Si, la donna fa cadere in apnea e solo il disincanto della realtà, può restituirci il respiro alla vita.
La completezza dei racconti e di converso del libro, sta anche nella descrizione della natura che si incontra nel corso della narrazione, con le serene gioie che la sua vitalità e rigogliosità riesce a dare. L’uomo vive immerso nella natura, è parte stessa di essa; non può esimersi di amarla e rispettarla, come si fa con tutte le cose che si amano.
Avete mai provato a camminare, ci dice, in un luogo dove la natura è stata sopraffatta dai motori, dal cemento, dalla spazzatura: non circola più l’aria.
Racconti, dunque, anche di denuncia, di messa in evidenza di fatti e fenomeni che non rendono vivibili le città, i comuni, i paesi.
Analizzando questo libro del Defelice, come scrive anche nella sua tesi di laurea Aurora De Luca, ci viene incontro una delle caratteristiche precipue del suo stile letterario: l’ironia.
Scrive Aurora: “… ha il grande dono dell’ironia e il senso importantissimo del ridicolo, che gli fa apprezzare ciò che è genuino e percepisce come fasullo tutto il resto”.
La sua ironia, che si riscontra in diversi dei racconti di questo volume, serve a mettere alla berlina, in questo circo continuo nel quale tutti operiamo da mattina a sera, vizi, atteggiamenti da Io e SuperIo. Posizioni altolocate tendenti solo a sovrastare, o emarginare, o eliminare, anche cruentamente, colui che non è in linea. Fosse anche per un semplice difetto fisico.
Nelle sue soluzioni letterarie, riusciamo a capire che l’uomo non è una macchina, perché in lui vivono perennemente due cose: la fede e la speranza.
Per ciò a conclusione ritengo molto significativo citare questo suo verso: … sarà l’amore a guardia delle porte. E aggiungo che, in tal caso, di aria ne circolerà tantissima.

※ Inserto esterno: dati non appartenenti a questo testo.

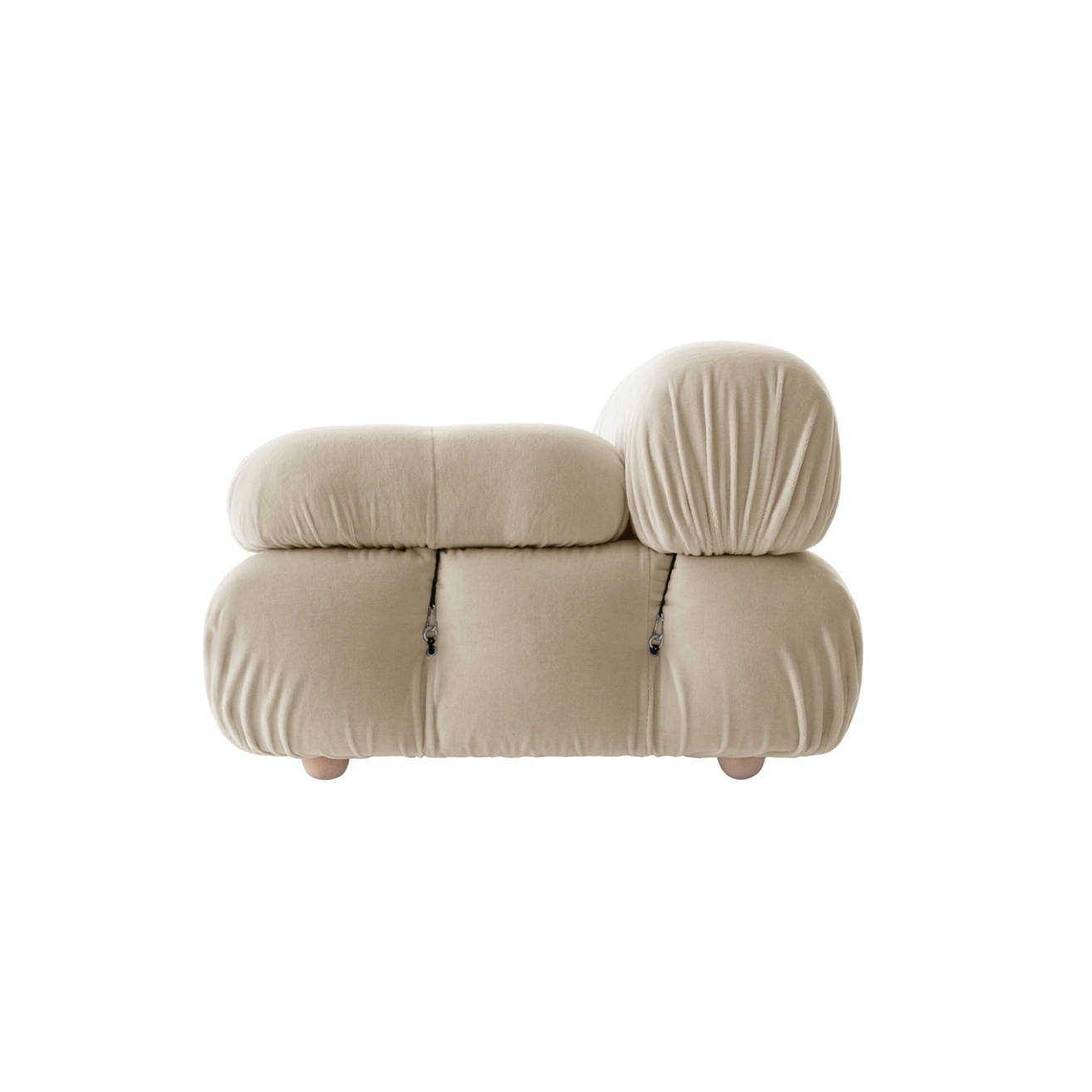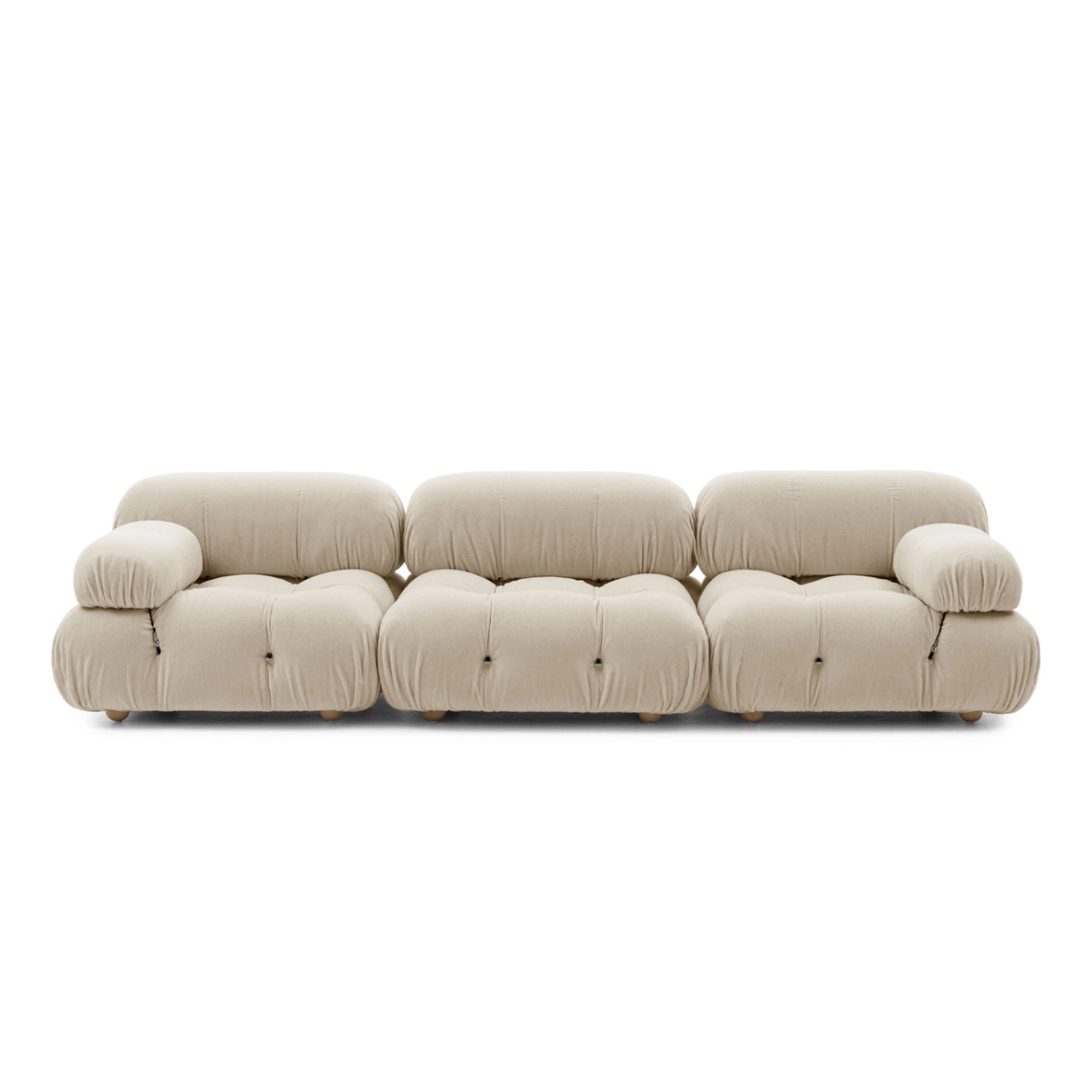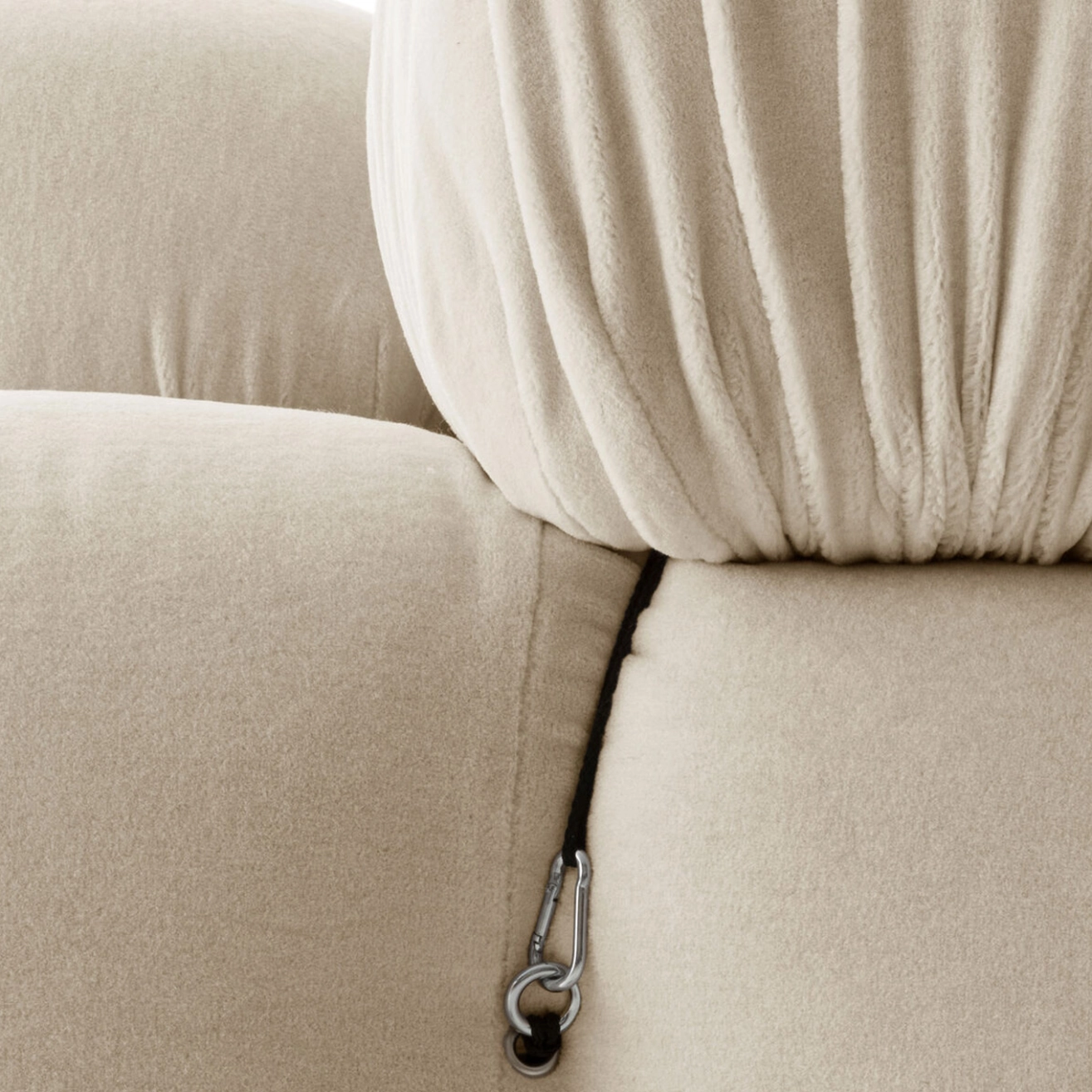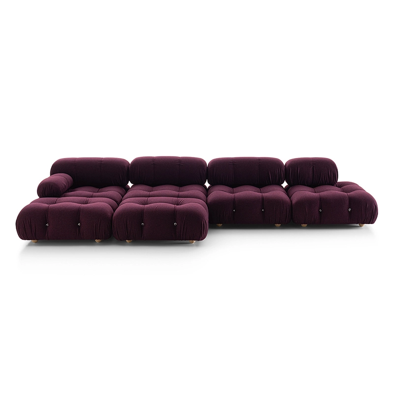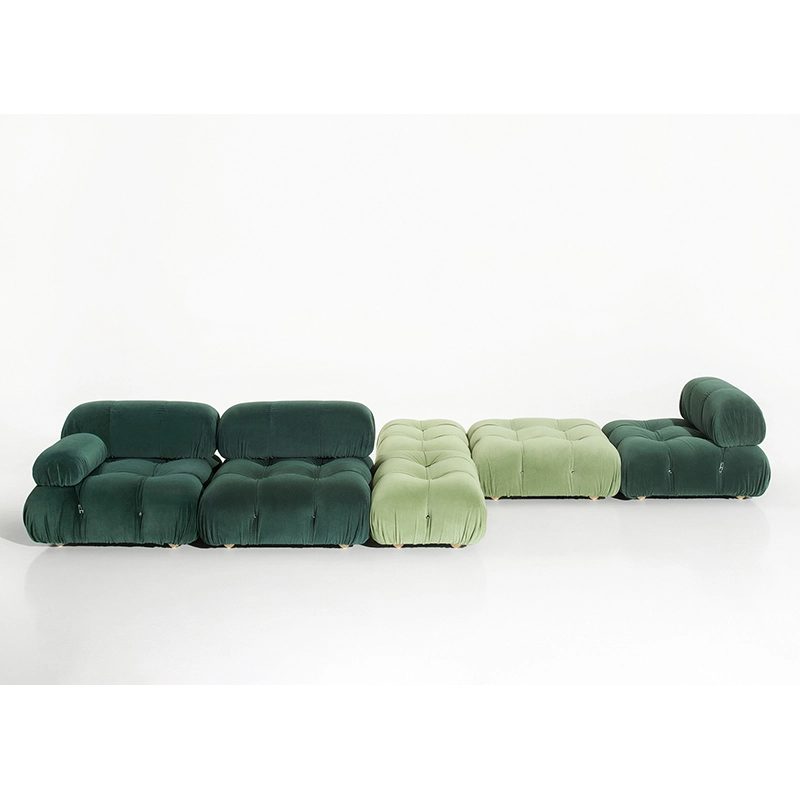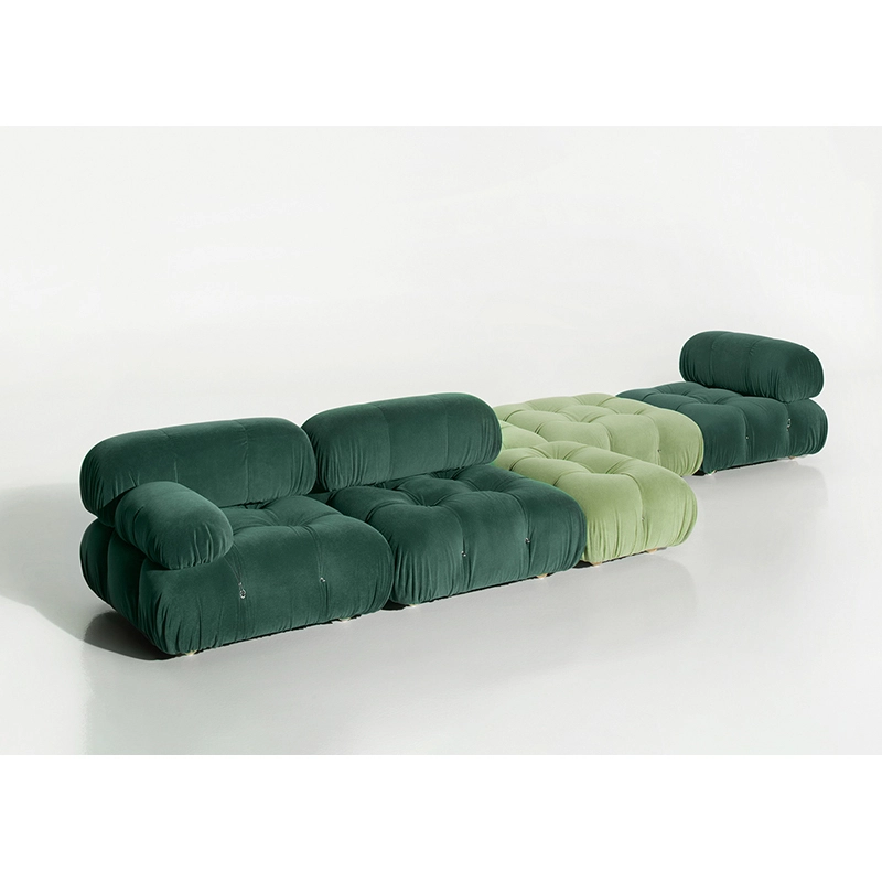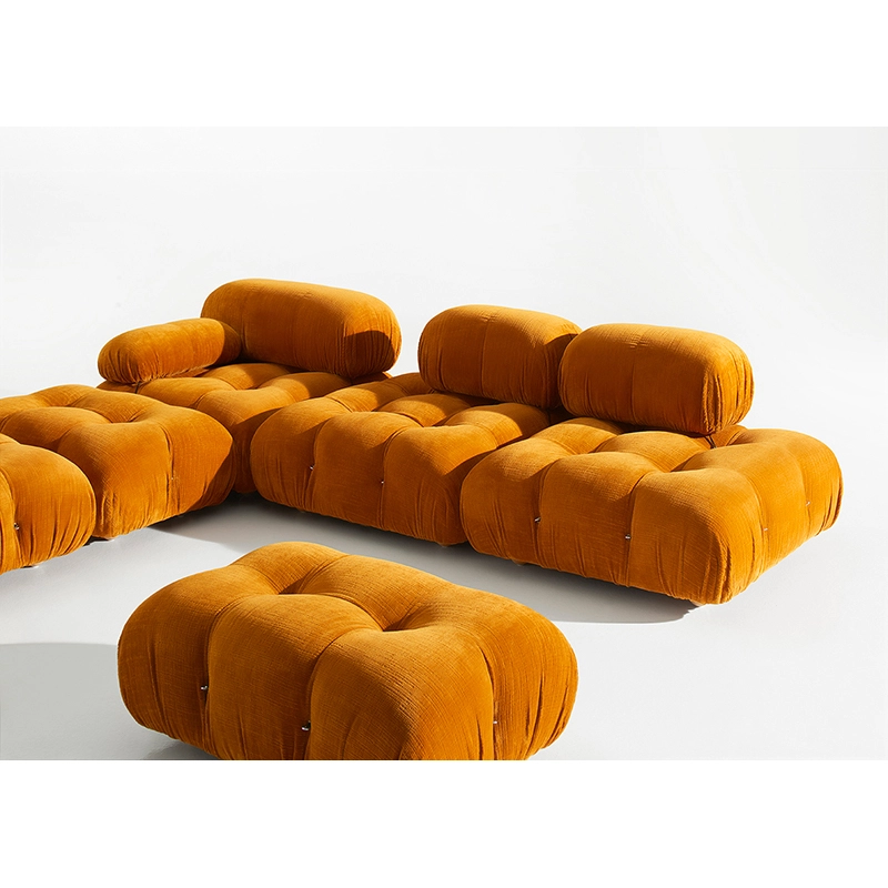 B&B Italia, Pierre Ambrogio Busnelli, ont choisi de conserver le module d’assise de 90x90 cm, ainsi que le dossier et l’accoudoir, fidèles au projet d’origine duquel ont également été récupérés les gabarits d’origine pour la coupe du revêtement. Reste également inchangé le rembourrage généreux en polyuréthane, qui forme le capitonnage caractéristique, obtenu à travers l’innovant système de câbles, crochets et anneaux conçu par Bellini en 1970, qui garantissent son aspect et sa modularité. En effet, grâce à des tirants et anneaux, les modules peuvent se détacher et se recomposer à souhait, en permettant au canapé de s’adapter aux goûts évolutifs et aux nécessités dynamiques des utilisateurs. L’architecte et designer Mario Bellini porte sur sa création un regard particulier : « Parmi tous les objets que j’ai conçus, c’est sans doute

Salvatore D’Ambrosio LA PREDA. IL CACCIATORE
Sul margine del bosco, si era fermata con il cesto delle delizie nella luce dorata del mattino. Precedettero per primi i cani il cacciatore, annusando i suoi piedi le sue mani, e allungando il muso fino alle cosce. Giunto il padrone li cacciò via, e con il fucile pronto portò via con il suo cesto di delizie la fanciulla. Nella pietà rinunciando però di fare di quella bellezza, nella breve falla del cuore, nessuna crudeltà.
Salvatore D’Ambrosio
Caserta
IL BALLO SULL’UVA
Era settembre e tu ballavi sull’uva. Pigiavi e cantando alzavi veste e sottana. Perciò negli occhi sbarrati dei vecchi scoppiava del sangue l’inferno. Dalla pipa tiravano anima e fumo. Ubriache, fragorose risate fugavano sciami di moscerini impazziti. A festa finita tacevano mani e sospiri. Ti lavavi le gambe con acqua di pozzo in un catino di legno. Alla nuca raccoglievi i capelli li fermavi con forcine di osso. Sulle guance dipinte di rosso ti ansimava ancora la gioia.